Während US-Präsident Joe Biden seine Europa-Tournee fortsetzt, um die führenden Demokratien zu gewinnen, stellt sich die Frage nach der zukünftigen Rolle der NATO. Während das Bündnis über den Abschluss seiner 20-jährigen Operation in Afghanistan nachdenkt, wird es aus politischen Lagern auf beiden Seiten des Atlantiks mit ernsthaften Fragen zu seiner Rolle und Relevanz konfrontiert.
Ausgangspunkt für das Bündnis muss die Erkenntnis sein, dass es Afghanistan in einer Welt verlässt, die seit seinem Eintritt völlig verändert ist. Die NATO begann ihre Operationen in Afghanistan auf dem Höhepunkt der amerikanischen Unipolarität, auf dem Höhepunkt der westlichen Dominanz des internationalen Systems. Sie geht in einem Moment, in dem der Westen intern eingeschränkt und extern herausgefordert wird, auch durch autoritäre Mächte mit wachsender Kapazität – und vielleicht auch wachsender Koordination.
Wie lange dauert es, um den Mond zu umrunden?
Um ihre zukünftige Rolle in dieser Welt zu bestimmen, muss die NATO zunächst die Kernfrage ihres geografischen Geltungsbereichs angehen.

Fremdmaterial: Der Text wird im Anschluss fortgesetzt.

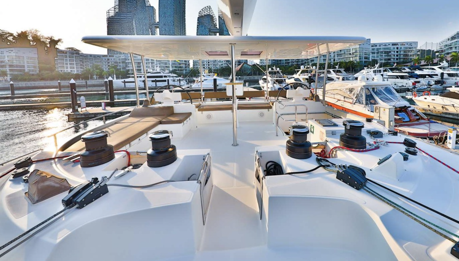 JYOHANA being Lagoon’s most popular larger sailing catamaran model, the Lagoon 620, features a modern and spacious open plan saloon and a huge amount of outdoor space for alfresco dining and relaxing.

Es sollte in Europa beginnen. Die NATO wurde als Instrument geboren, um Europa und den demokratischen Westen vor einer Bedrohung aus Moskau zu schützen. Ihre erste Aufgabe im Jahr 2021 und darüber hinaus muss es sein, Europa und den demokratischen Westen vor einer Bedrohung aus Moskau zu schützen. Diese Bedrohung ist bei weitem nicht so schwerwiegend wie während des Kalten Krieges und hat einen ganz anderen Charakter, ist aber dennoch eine Bedrohung und eine komplexe Bedrohung, die graue Operationen wie die Skripal-Angriff , politische Einmischung und atomares Säbelrasseln. Es wäre der Gipfel der Ironie, wenn die NATO bei dem Versuch, auf China oder andere neue Herausforderungen zu reagieren, keine angemessene Antwort auf Russland geben würde. Nicht alle Instrumente zur Reaktion auf Russland liegen in der Hand der NATO; viele von ihnen leben in der Europäischen Union. Aber das ist eine bürokratische und institutionelle Unterscheidung, die überwunden werden kann; Der allgemeinere Punkt ist, dass Europa in Zusammenarbeit mit den Vereinigten Staaten ein Gefühl der kollektiven Verteidigung gegen Moskaus Bemühungen, den Westen zu schwächen, wiederherstellen muss. Die NATO spielt dabei eine entscheidende Rolle.
Die Abstimmung in der Russlandpolitik war während der Trump-Administration außerordentlich schwierig; sie muss jetzt im Mittelpunkt der Dialoge zwischen den USA und Deutschland, den USA und Großbritannien sowie zwischen den USA und der EU/NATO stehen. Dazu gehört auch die umstrittene Frage der zukünftigen euro-atlantischen Integration der Ukraine.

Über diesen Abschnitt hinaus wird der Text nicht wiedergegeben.